Segment Start: Given data

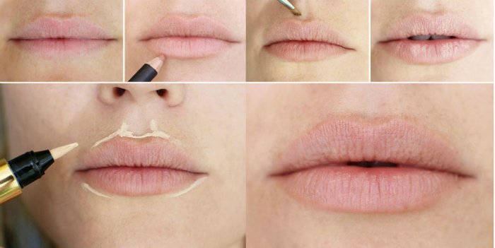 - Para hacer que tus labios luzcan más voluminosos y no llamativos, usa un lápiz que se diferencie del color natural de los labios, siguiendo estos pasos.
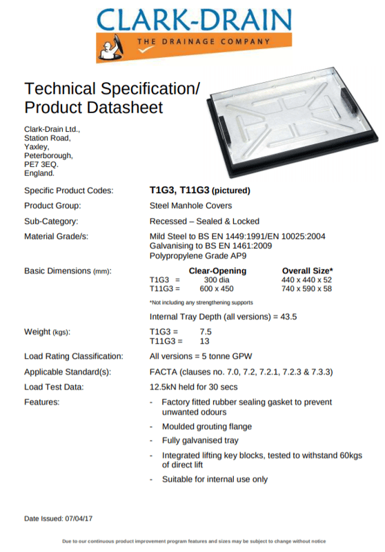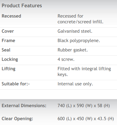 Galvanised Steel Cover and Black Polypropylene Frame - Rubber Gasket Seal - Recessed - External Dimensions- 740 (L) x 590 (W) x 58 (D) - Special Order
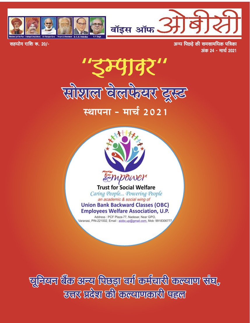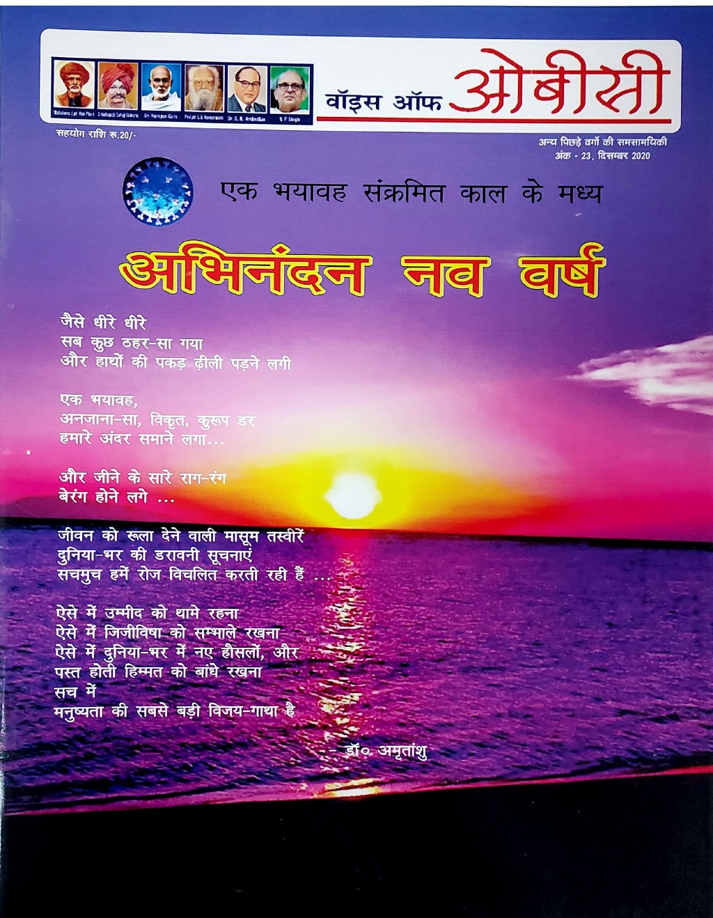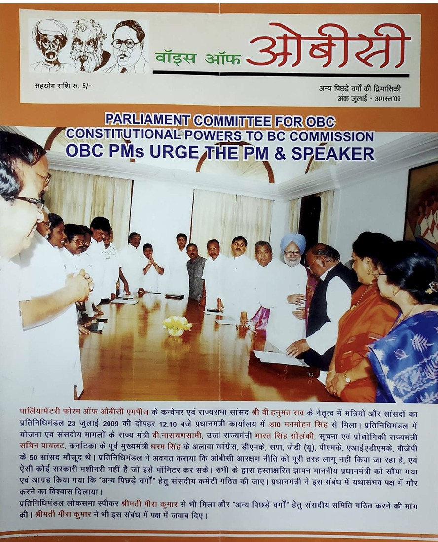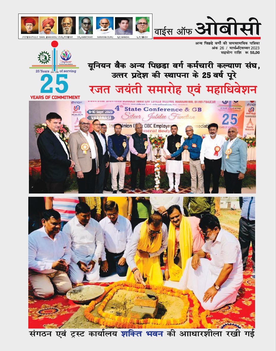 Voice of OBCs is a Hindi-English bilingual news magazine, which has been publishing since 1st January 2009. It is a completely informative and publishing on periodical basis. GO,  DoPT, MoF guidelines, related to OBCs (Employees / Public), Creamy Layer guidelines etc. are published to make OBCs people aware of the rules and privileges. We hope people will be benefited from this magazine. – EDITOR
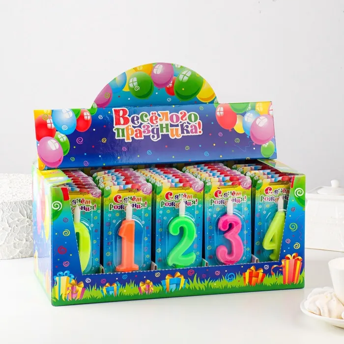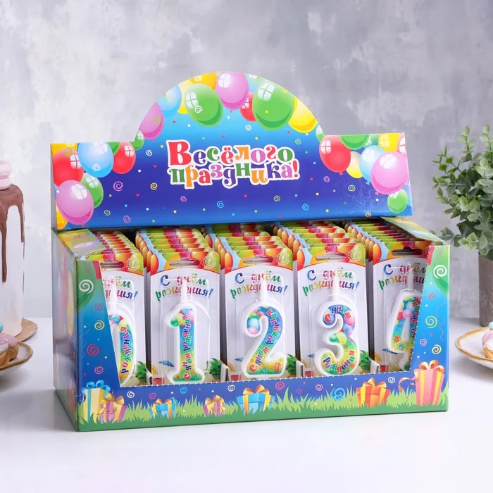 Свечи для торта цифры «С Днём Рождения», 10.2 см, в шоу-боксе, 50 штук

Segment End: Given data
Segment Start: Given data

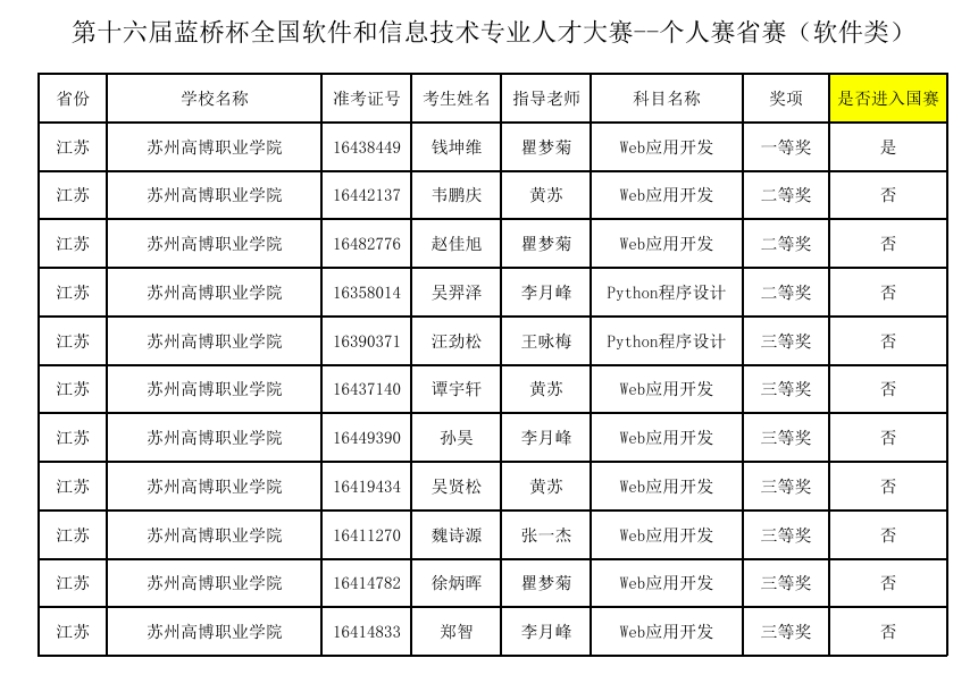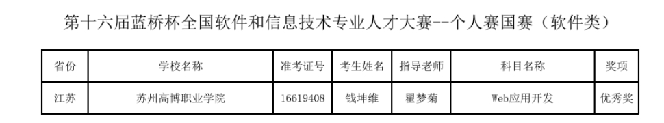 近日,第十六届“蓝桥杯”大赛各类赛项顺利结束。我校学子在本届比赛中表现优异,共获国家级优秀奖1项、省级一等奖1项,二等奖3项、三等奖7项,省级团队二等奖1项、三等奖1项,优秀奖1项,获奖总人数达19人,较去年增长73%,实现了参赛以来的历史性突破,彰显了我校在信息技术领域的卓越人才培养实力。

Segment End: Given data

■ **Instructions to follow**
Word for word, retype the lines in the entries above that run from the one with "- Para hacer" through the one with "Свечи для торта". Both ends count; pictures do not.

■ **Answer box**
 - Para hacer que tus labios luzcan más voluminosos y no llamativos, usa un lápiz que se diferencie del color natural de los labios, siguiendo estos pasos.
 Galvanised Steel Cover and Black Polypropylene Frame - Rubber Gasket Seal - Recessed - External Dimensions- 740 (L) x 590 (W) x 58 (D) - Special Order
 Voice of OBCs is a Hindi-English bilingual news magazine, which has been publishing since 1st January 2009. It is a completely informative and publishing on periodical basis. GO,  DoPT, MoF guidelines, related to OBCs (Employees / Public), Creamy Layer guidelines etc. are published to make OBCs people aware of the rules and privileges. We hope people will be benefited from this magazine. – EDITOR
 Свечи для торта цифры «С Днём Рождения», 10.2 см, в шоу-боксе, 50 штук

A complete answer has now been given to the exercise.